No ha sido algo usual que la gente cercana a los medios de comunicación sea invitada a los almuerzos de Carondelet. Pero como en tiempos de revolución ciudadana todo cambia, también cambian los comensales de la primera mesa del país. Hace unas dos semanas fueron los voceadores o vendedores de periódicos que, por boca de su anfitrión, se informaron del minúsculo tamaño de las porciones que se sirven en las comidas peluconas y, de la misma boca, recibieron la sugerencia de formar un sindicato. Ningún ambiente mejor que el de un buen par de platos para que la vanguardia iluminada pueda cumplir el objetivo leninista de inyectar conciencia de clase en quienes no la tienen. Nada mejor también -y que lo digan los mexicanos-, que el sindicalismo vertical creado desde el Gobierno para hacer realidad la democracia participativa.
En la tónica del cambio de comensales, este lunes fue el turno de los ex columnistas del frustrado diario público. Ellos se fueron dando el portazo cuando recibieron una disposición que contenía el índex de materias prohibidas, vale decir, los temas que no podían ser tocados y a los que no debían hacer alusión en sus columnas. Seguir escribiendo en esas condiciones era simplemente inaceptable para personas que, aunque en su mayoría apoyan al actual proceso y al líder único, saben adonde puede conducir el endoso de la libertad y de la autonomía. Por eso, sin contar con sindicato, actuaron como que fueran parte de uno y tomaron la vía que les aconsejaban sus conciencias y sus principios. Algunos de ellos habrán estado en desacuerdo con considerar a lo público como sinónimo de gubernamental, a la información como equivalente a propaganda y a la opinión como apología. No lo dijeron en su momento, pero un sabroso almuerzo ofrece una buena oportunidad para hacerlo. ¿Será que alguien se atreve?
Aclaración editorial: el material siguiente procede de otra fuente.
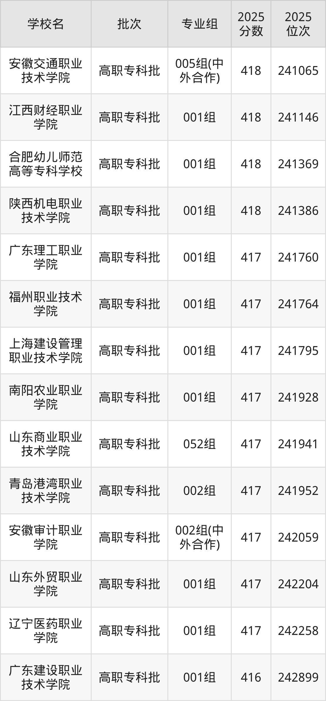 2025年安徽高考物理类417分(241467名~242450名)能上的大学有福州职业技术学院001组、广东理工职业学院001组、辽宁医药职业学院001组、南阳农业职业学院001组等。

Desde el punto de vista del lector es penosa la pérdida de un grupo en el que había valiosos columnistas. Lo es también desde la perspectiva del pluralismo y la democracia, que exigen muchas voces que sostengan sus propios puntos de vista y que discrepen abiertamente. A pesar de la exigua circulación de El Telégrafo, quienes allí escribían podían constituirse en el referente ilustrado de una revolución huérfana de ideas y cada vez más enredada en la insustancial palabrería sabatina.
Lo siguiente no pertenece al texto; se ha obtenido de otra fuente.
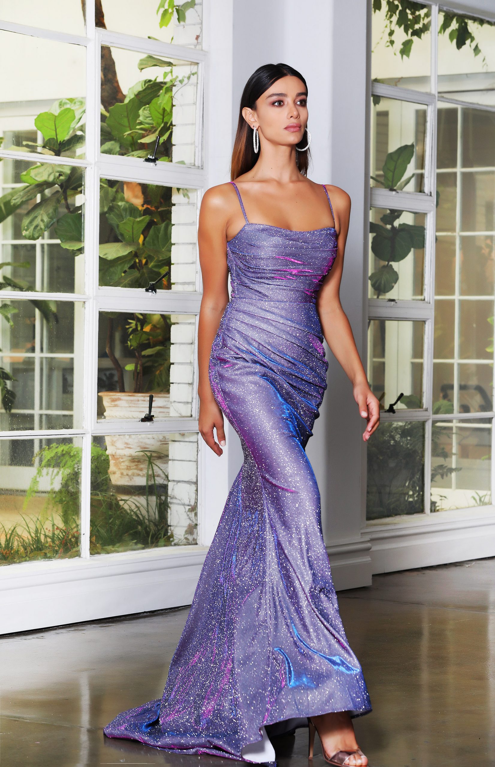 JX4010, An elegant, full length, fishtail gown featuring a scooped neckline, trumpet silhouette and plunging back by Jadore. This dress is fully lined, with a padded bust and center back zip. The elegant fit and flare silhouette is made from a glitter jersey.

La invitación a compartir el menú del día los coloca frente al dilema de defender los principios por los que se fueron o volver, atraídos por el encanto de la flauta presidencial, sin que las condiciones hayan cambiado en lo más mínimo. Es obvio, la invitación no será solamente para disfrutar de las habilidades del chef belga ni para hacerse una que otra broma entre viejos y nuevos amigos.